Given an integer n, return the number of prime numbers strictly less than n.

Inputn = 10

Output4

Primes < 10: 2, 3, 5, 7 → count = 4. Sieve of Eratosthenes: for each prime p in [2 .. √n], mark p², p²+p, … as composite.

n (2–50)

def count_primes(n):
    if n <= 2: return 0
    sieve = [True] * n
    sieve[0] = sieve[1] = False
    for p in range(2, int(n ** 0.5) + 1):
        if sieve[p]:
            for m in range(p * p, n, p):
                sieve[m] = False
    return sum(sieve)

function countPrimes(n) {
  if (n <= 2) return 0;
  const sieve = new Uint8Array(n).fill(1);
  sieve[0] = sieve[1] = 0;
  for (let p = 2; p * p < n; p++) {
    if (sieve[p]) for (let m = p * p; m < n; m += p) sieve[m] = 0;
  }
  let count = 0;
  for (let i = 2; i < n; i++) if (sieve[i]) count++;
  return count;
}

class Solution {
    public int countPrimes(int n) {
        if (n <= 2) return 0;
        boolean[] sieve = new boolean[n];
        Arrays.fill(sieve, true);
        sieve[0] = sieve[1] = false;
        for (int p = 2; p * p < n; p++) {
            if (sieve[p]) for (int m = p * p; m < n; m += p) sieve[m] = false;
        }
        int count = 0;
        for (int i = 2; i < n; i++) if (sieve[i]) count++;
        return count;
    }
}

int countPrimes(int n) {
    if (n <= 2) return 0;
    vector<bool> sieve(n, true);
    sieve[0] = sieve[1] = false;
    for (int p = 2; p * p < n; p++)
        if (sieve[p]) for (int m = p * p; m < n; m += p) sieve[m] = false;
    int count = 0;
    for (int i = 2; i < n; i++) if (sieve[i]) count++;
    return count;
}

Explanation

To count primes below n quickly, we use the classic Sieve of Eratosthenes: instead of testing each number for primality, we cross out all the multiples of every prime we find.

We make a boolean array sieve where every index starts marked True (assume prime), then set sieve[0] and sieve[1] to False since 0 and 1 are not prime. Walking p from 2 upward, whenever sieve[p] is still True, p is prime, so we mark all its multiples as composite.
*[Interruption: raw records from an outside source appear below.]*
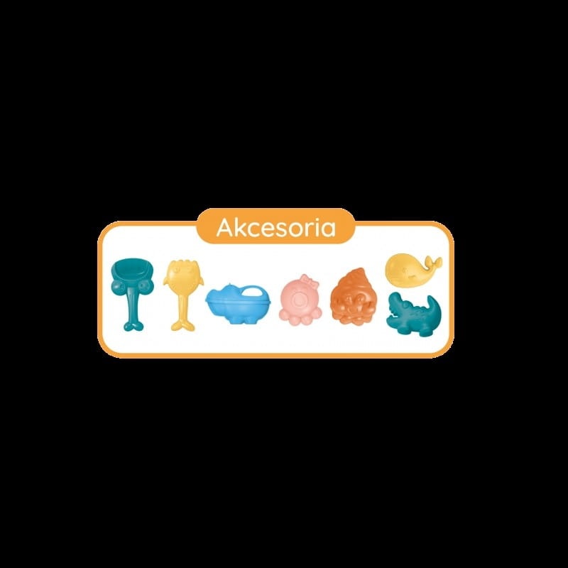 • akcesoria do piasku: grabki, łopatka, foremki
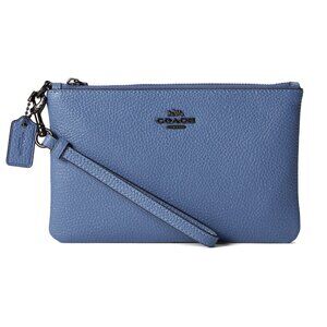 COACH Polished Pebble Small Wristlet Washed Chambray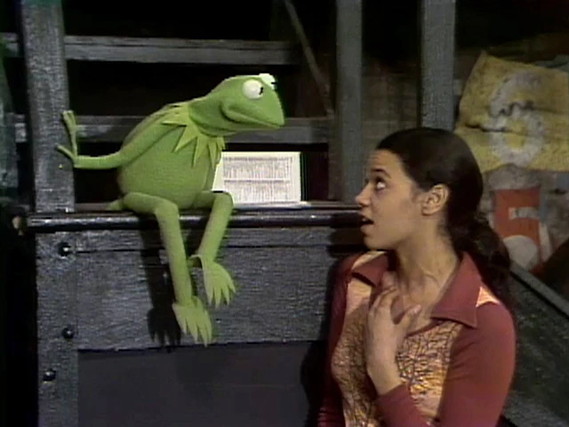 SCENE 4 | Kermit studies a book of Spanish phrases. Maria helps him with his pronunciation of, "Buenos días, ¿cómo estàs?" and rewards his efforts with "a beso." Kermit comments, "It's not an easy language there, but ah... it's worth it when you learn." |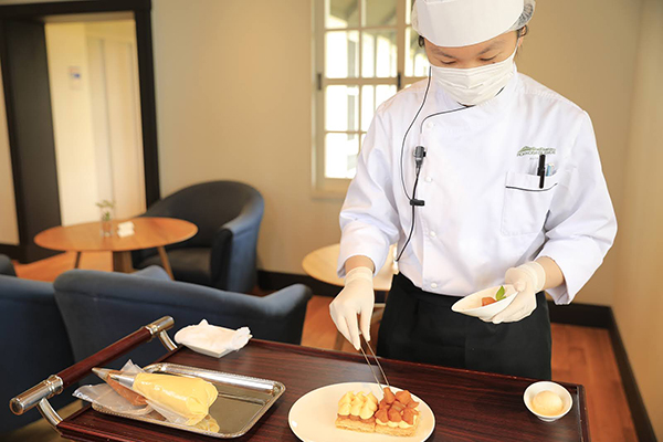 カフェテリアでは、パスタやスイーツ、淹れたてのコーヒーなどをいただくことができます。素材や調理方法にこだわっているだけあり、とても美味しく、心地よいひと時を過ごせること間違いなし。六甲アップルパイは旧六甲山ホテルの名物だったものを現代風にアレンジしたメニューで、朝焼き上げるパイ生地をベースにパテシエがテーブルの前で盛り付けてくれます。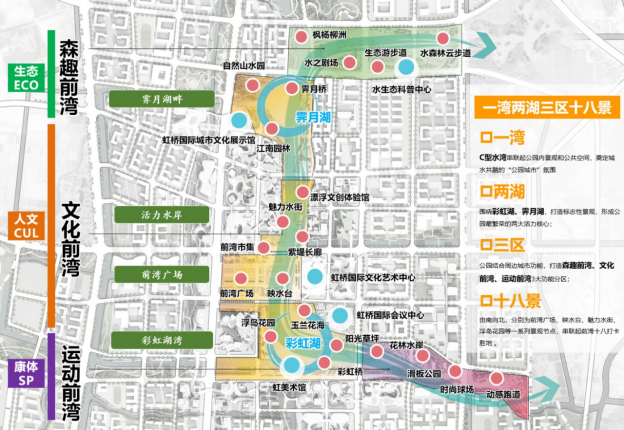 据介绍,前湾公园作为虹桥前湾地区的标志性项目之一,总用地面积76公顷。前湾公园定位为长三角生态绿色会客厅,融合中西方经典园林的设计理念和手法,打造“一湾两湖三区十八景”的景观格局。其C形水湾构成公园景观的主要脉络,围绕“彩虹湖”和“霁月湖”形成公园最繁荣的两大活力核心,森趣前湾、文化前湾、运动前湾三大分区内,十八处重要景观节点引人入胜。公园与周边城市功能无界融合,充分构筑前湾地区“五分水绿五分城”的生态格局。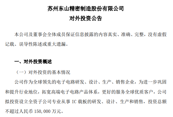 7月28日,A股上市公司蘇州東山精密制造股份有限公司(以下簡稱“東山精密”)發(fā)布公告,擬投資設(shè)立全資子公司專業(yè)從事IC載板的研發(fā)、設(shè)計、生產(chǎn)和銷售,投資總額不超過人民幣15.00億元。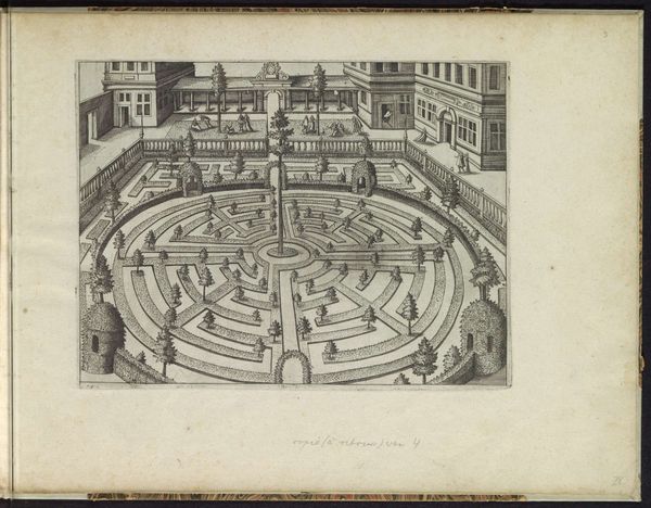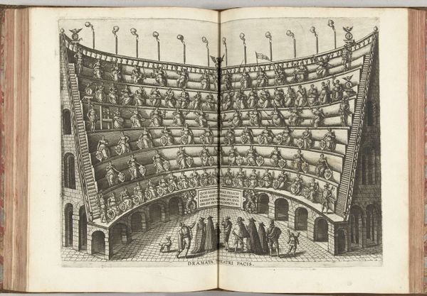 Curator: This engraving presents the anatomical theatre of Leiden University. Produced between 1610 and 1644, the print captures not just the space itself but the spectacle of early modern anatomy. Editor: It’s a fascinating composition, quite theatrical. The way the tiers of onlookers circle the central table creates a sense of depth and almost dizzying perspective. All that linearity gives the impression of… rational investigation, I suppose. Curator: Indeed. Anatomical theatres were crucial sites for the advancement of medical knowledge but were also imbued with social and political meanings. The theatre served as a public demonstration of power, both intellectual and civic. Notice how skeletons and animal remains adorn the space? Editor: They’re incredibly lively! These macabre details seem almost playful amid the grim business that’s suggested, don't they? They create rhythm and a very unique spatial dimension that defies our usual assumptions about scientific inquiry. Look at that light streaming from the upper window – it catches those skeletal forms just so, doesn't it? Curator: The display of skeletons served as a "memento mori", reminding viewers of mortality but also reinforcing the social order through scientific authority. The theatre normalized the dissection of human bodies. Anatomy thus helped solidify an intellectual hierarchy and demonstrate the power of empirical knowledge in that particular period. Editor: But even within the regimentation, that strong perspectival pull of the image and line of sight does bring it all to life. I am struck at how art manages to elicit that blend of wonder, rational ordering and human vulnerability so well! Curator: Swanenburg’s rendering is an impressive example of how knowledge, art, and authority converged in the early 17th century, framing an emergent empirical epistemology in Northern Europe. Editor: Indeed, reflecting on it, the interplay of formal arrangement with macabre details is quite brilliant, really!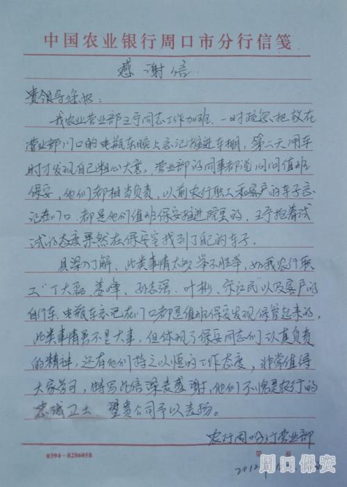 2012年10月29日,周口市保安服務公司院內(nèi)鞭炮齊鳴,來自我市中國農(nóng)業(yè)銀行某行點的王寧向保安公司送來了錦旗和感謝信致謝。
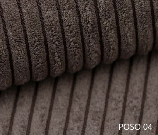 Tkanina Poso je čalúnnická látka so vzhľadom štruksu, vyrobená prevažne z polyesteru s prímesou nylonu. Je mäkká na dotyk, odolná voči oderu a svetlu, vhodná na sedačky, kreslá a vankúše. Čistí sa jemne – najlepšie vlhkou handričkou alebo špeciálnym prostriedkom na čalúnenie, nesmie sa prať v práčke, bieliť ani vystavovať priamemu slnku či silnému teplu.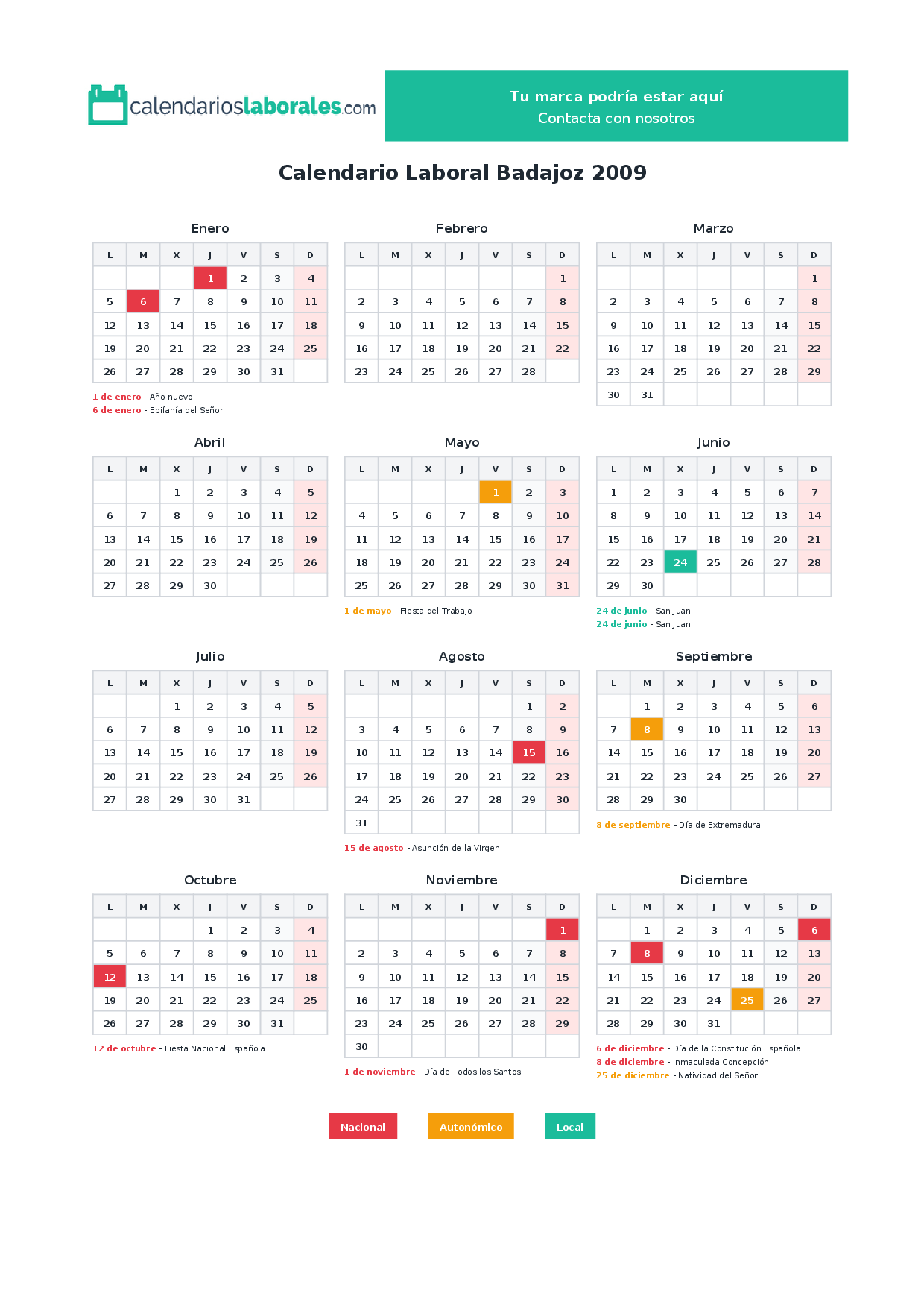 Puedes consultar también el calendario laboral completo de Extremadura 2009 o el calendario laboral de España para conocer el detalle nacional.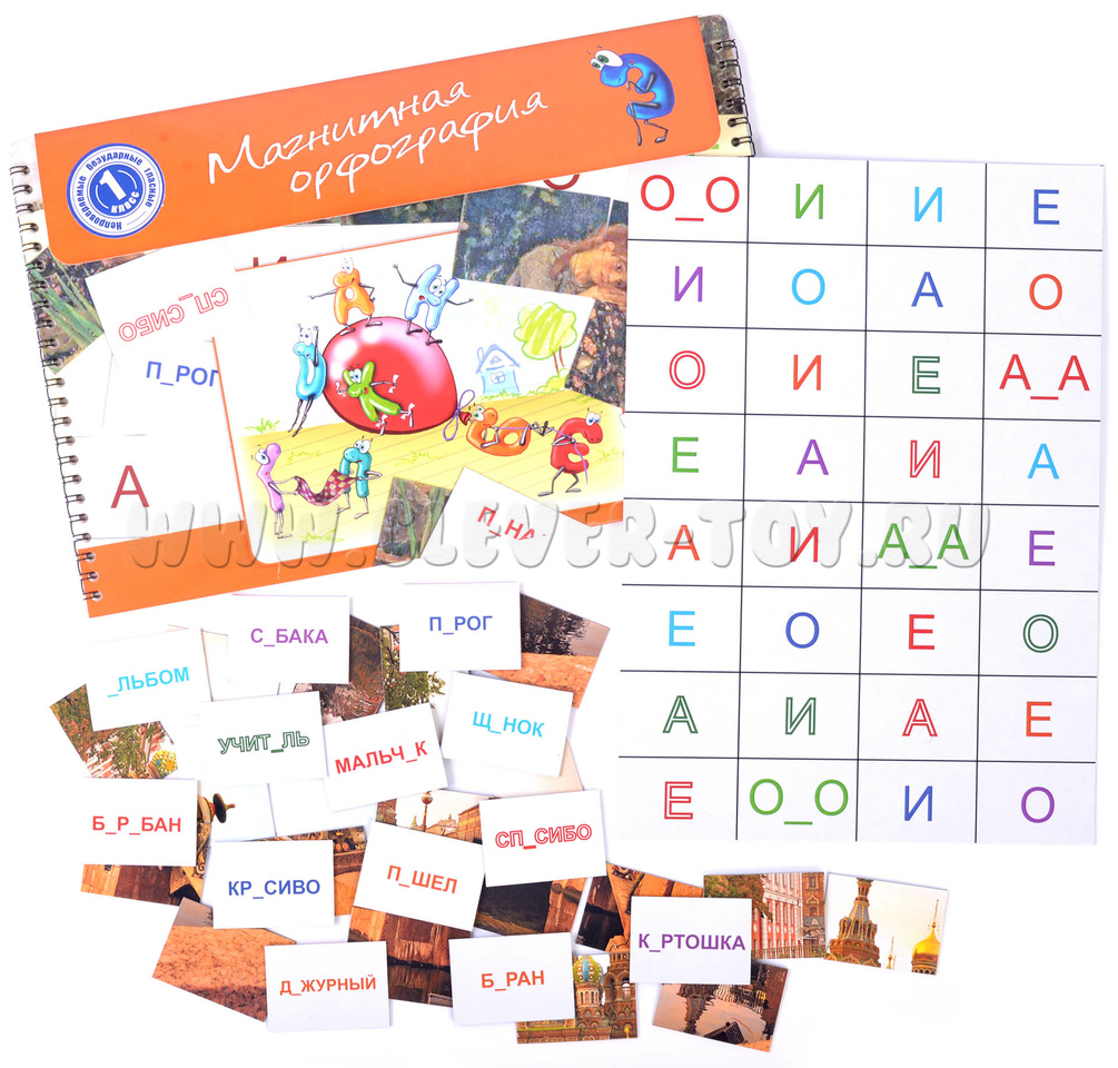 Учим словарные слова без скучной зубрёжки. На игровом поле - разноцветные магнитные буквы, каждая со своим характером. На карточках - слова с пропущенными буквами. Задача ребёнка: найти нужную букву и правильно дополнить слово.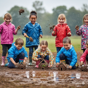 One evening, a man was walking home after work. On the roadside, he saw a group of children playing. They were building small houses with clay. Some made little doors, some placed pebbles for windows, and some even decorated the roof with leaves. The children were excited, taking their work as if they were building a real village.

Two speed tricks: we only loop p up to √n (any larger composite already got crossed out by a smaller factor), and we start crossing out at p * p because smaller multiples like 2p, 3p were already handled by earlier primes.

Example with n = 10: start at p = 2, cross out 4, 6, 8. Then p = 3, cross out 9. p stops there since 4 × 4 > 10. The survivors 2, 3, 5, 7 are the primes, so the count is 4.

At the end we simply sum the still-True entries. Crossing out multiples is far cheaper than testing each number, giving the near-linear O(n log log n) running time.

Time: O(n log log n) Space: O(n)